Pierre Mangongo et Botsindo Lady (Le Potentiel)--Les dirigeants de la Communauté de développement de l’Afrique australe (SADC) se sont réunis hier mercredi à Mbabane, la capitale du royaume de Swaziland, pour chercher une solution de sortie de crise au Zimbabwe. Ils ont appelé au report du deuxième tour de l’élection présidentielle. Cet appel n’a pas un impact tangible sur terrain à cause de la division qui se constate actuellement entre les dirigeants de ce regroupement régional sur la crise zimbabwéenne.

La situation pour le moins dramatique du Zimbabwe continue à provoquer des vagues dans le monde et en Afrique. C’est dans ce contexte que les institutions étatiques et régionales ainsi que les Ong recherchent constamment des solutions durables pour éteindre ce brasier zimbabwéen qui risque d’embraser la région de l’Afrique australe.

La Communauté de développement de l’Afrique australe (SADC) qui est particulièrement préoccupée par la crise zimbabwéenne, s’est réunie hier mercredi au royaume de Swaziland pour essayer de trouver une solution de sortie de crise au Zimbabwe.

Parmi les participants à cette rencontre cruciale, on a, selon l’AFP, noté la présence du roi (Mswati III) et le président tanzanien Jakaya Kikwete, qui est également président en exercice de l’Union africaine (UA).

Au terme de cette réunion de Mbabane, la capitale du Swaziland, les dirigeants de l’Afrique australe ont appelé mercredi au report du second tour de l’élection présidentielle au Zimbabwe, dans un communiqué diffusé après une réunion extraordinaire de la commission de sécurité de ce bloc régional.

DIVISION AU SEIN DE LA SADC

A noter que le médiateur désigné par la SADC dans cette crise, le président sud-africain Thabo Mbeki, n’a pas fait le déplacement du royaume de Swaziland.

Son porte-parole a, d’après l’AP, justifié cette absence par le fait que l’Afrique du Sud n’est pas membre du comité de sécurité du bloc régional.

Malgré cette justification, une certaine opinion est d’avis que Mbeki s’est absenté volontairement au sommet de Mbabane parce qu’il soutient Robert Mugabe. Ce qui justifie ses distances envers les autres dirigeants de la SADC opposés au régime en place à Harare. Les tenants de cette thèse n’ont de cesse d’accuser Mbeki de pratiquer une diplomatie secrète et ambiguë dans le règlement de cette crise, ajoutant qu’il n’aime pas l’opposant Morgan Tsvangirai.

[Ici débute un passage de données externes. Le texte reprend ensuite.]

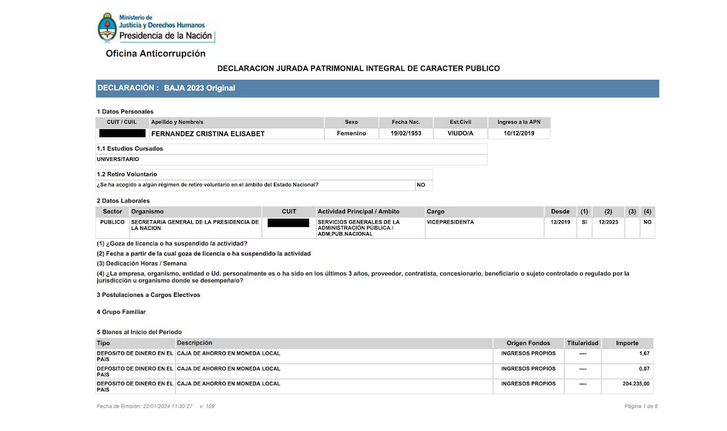 Última DDJJ presentada por Cristina Fernández de Kirchner tras dejar la Vicepresidencia de la Nación
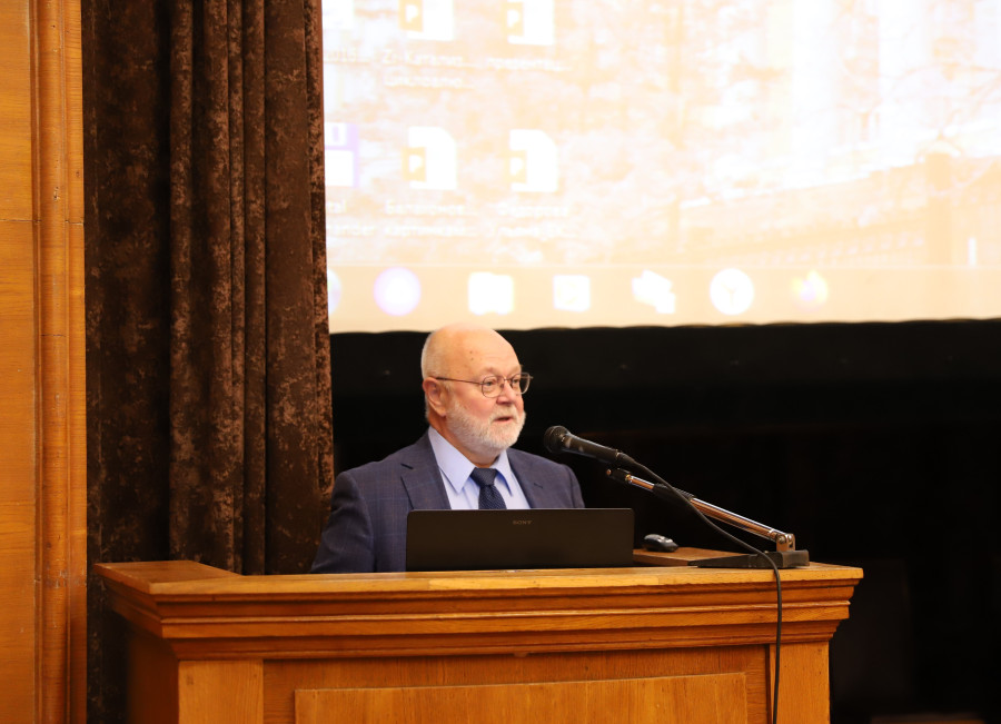 Мероприятие открыл академик РАН Михаил Петрович Егоров, научный руководитель ИОХ РАН, заведующий Лабораторией химии карбенов и нестабильных молекул. В своем выступлении он рассказал студентам о структуре Российской академии наук, на какие отделения она делится, и познакомил их с историей и деятельностью самого Института органической химии.
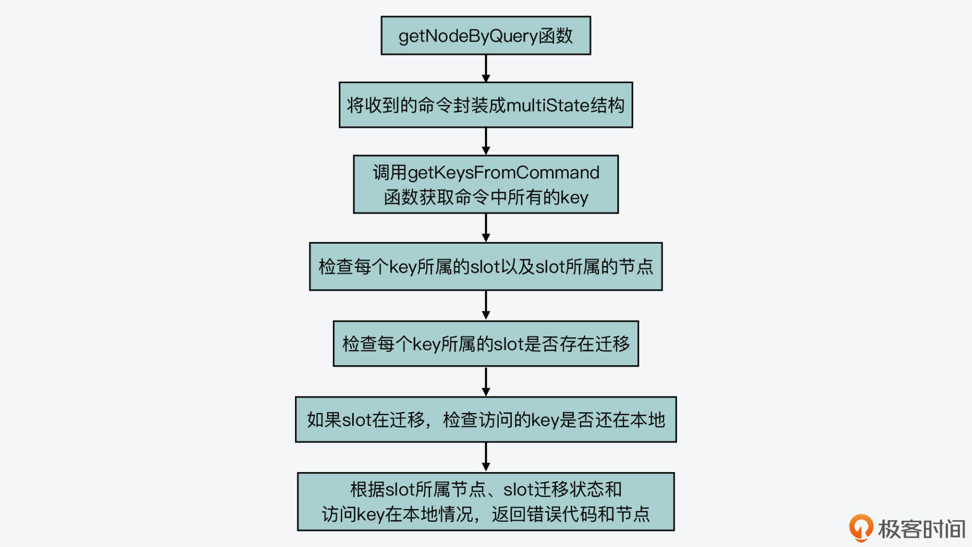 其实,刚才介绍的Redis server处理MULTI命令和缓存后续命令的流程,对于集群节点来说,也是同样适用的。也就是对于getNodeByQuery函数来说,它在查询命令访问的key时,就需要考虑MULTI命令的情况。
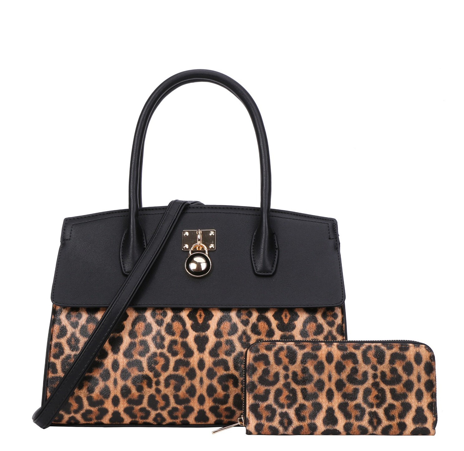 2 in 1 Leopard Print Padlock Satchel
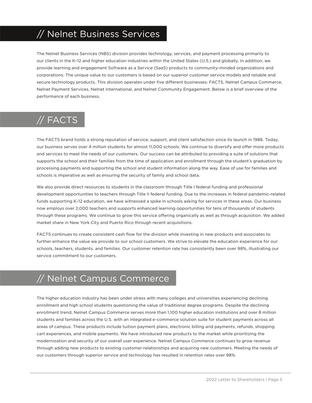 2022 Letter to Shareholders | Page 5 // Nelnet Business Services The Nelnet Business Services (NBS) division provides technology, services, and payment processing primarily to our clients in the K–12 and higher education industries within the United States (U.S.) and globally. In addition, we provide learning and engagement Software as a Service (SaaS) products to community-minded organizations and corporations. The unique value to our customers is based on our superior customer service models and reliable and secure technology products. This division operates under five different businesses: FACTS, Nelnet Campus Commerce, Nelnet Payment Services, Nelnet International, and Nelnet Community Engagement. Below is a brief overview of the performance of each business. // FACTS The FACTS brand holds a strong reputation of service, support, and client satisfaction since its launch in 1986. Today, our business serves over 4 million students for almost 11,000 schools. We continue to diversify and offer more products and services to meet the needs of our customers. Our success can be attributed to providing a suite of solutions that supports the school and their families from the time of application and enrollment through the student’s graduation by processing payments and supporting the school and student information along the way. Ease of use for families and schools is imperative as well as ensuring the security of family and school data. We also provide direct resources to students in the classroom through Title I federal funding and professional development opportunities to teachers through Title II federal funding. Due to the increases in federal pandemic-related funds supporting K–12 education, we have witnessed a spike in schools asking for services in these areas. Our business now employs over 2,000 teachers and supports enhanced learning opportunities for tens of thousands of students through these programs. We continue to grow this service offering organically as well as through acquisition. We added market share in New York City and Puerto Rico through recent acquisitions. FACTS continues to create consistent cash flow for the division while investing in new products and associates to further enhance the value we provide to our school customers. We strive to elevate the education experience for our schools, teachers, students, and families. Our customer retention rate has consistently been over 98%, illustrating our service commitment to our customers. // Nelnet Campus Commerce The higher education industry has been under stress with many colleges and universities experiencing declining enrollment and high school students questioning the value of traditional degree programs. Despite the declining enrollment trend, Nelnet Campus Commerce serves more than 1,100 higher education institutions and over 8 million students and families across the U.S. with an integrated e-commerce solution suite for student payments across all areas of campus. These products include tuition payment plans, electronic billing and payments, refunds, shopping cart experiences, and mobile payments. We have introduced new products to the market while prioritizing the modernization and security of our overall user experience. Nelnet Campus Commerce continues to grow revenue through adding new products to existing customer relationships and acquiring new customers. Meeting the needs of our customers through superior service and technology has resulted in retention rates over 98%.
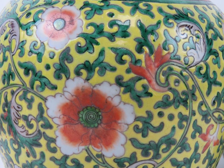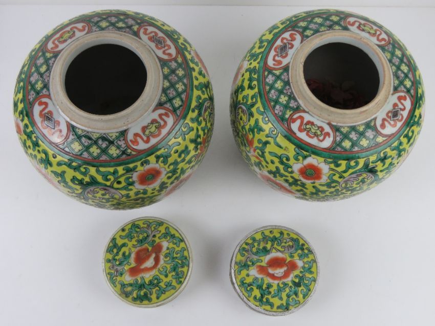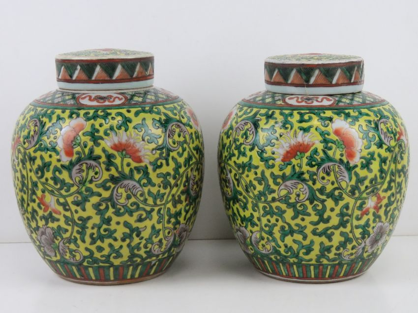 A pair of Oriental lidded ginger jars in yellow ground with green and orange floral decoration upon, one lid a/f, each standing 24cm high.
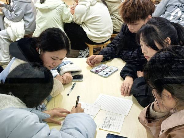 互动环节中,现场学子分组扮演HR角色,通过三次递进式观看同一段模拟面试视频,依次完成个人选择、组内研讨、集体交流,最终达成共识,现场氛围热烈。主讲人杨瑾随后逐一点评六位模拟面试者的优劣,引导学生识别岗位核心需求,掌握自我展示与岗位需求精准对接的方法,将抽象的职业标准转化为可感知、可操作的实践技巧。
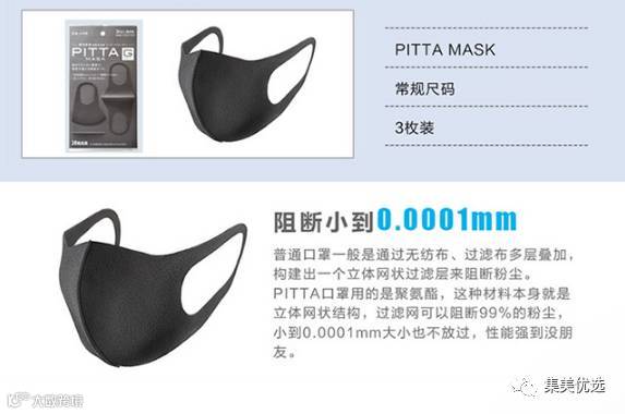 日本PITTA MASK 时尚透气专业防尘防花粉防雾霾口罩 3只装 鹿晗同款/黑色

Ce dernier avait quitté brièvement hier mercredi son refuge de l’ambassade des Pays-Bas pour tenir une conférence de presse à Harare. Il a, à en croire l’AP, réitéré hier mercredi son opposition à la tenue du second tour du scrutin présidentiel. Tsvangirai a estimé que les violences ayant marqué la campagne électorale au Zimbabwe équivalaient à une situation de guerre. Il a également déclaré qu’il y avait une solution à la crise actuelle et a appelé les dirigeants africains à contribuer à négocier une sortie de crise.

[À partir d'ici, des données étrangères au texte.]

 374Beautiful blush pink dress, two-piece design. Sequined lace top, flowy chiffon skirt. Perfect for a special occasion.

Morgan Tsvangirai qui est maintenant favorable au dialogue a, cependant, précisé que les discussions ne pourraient pas commencer avant un arrêt des violences contre ses partisans et la libération de «prisonniers politiques», dont Tendai Biti, haute figure de l’opposition.»Nous faisons des propositions que Mugabe doit accepter», a-t-il dit, plaidant pour «une espèce de processus de transition».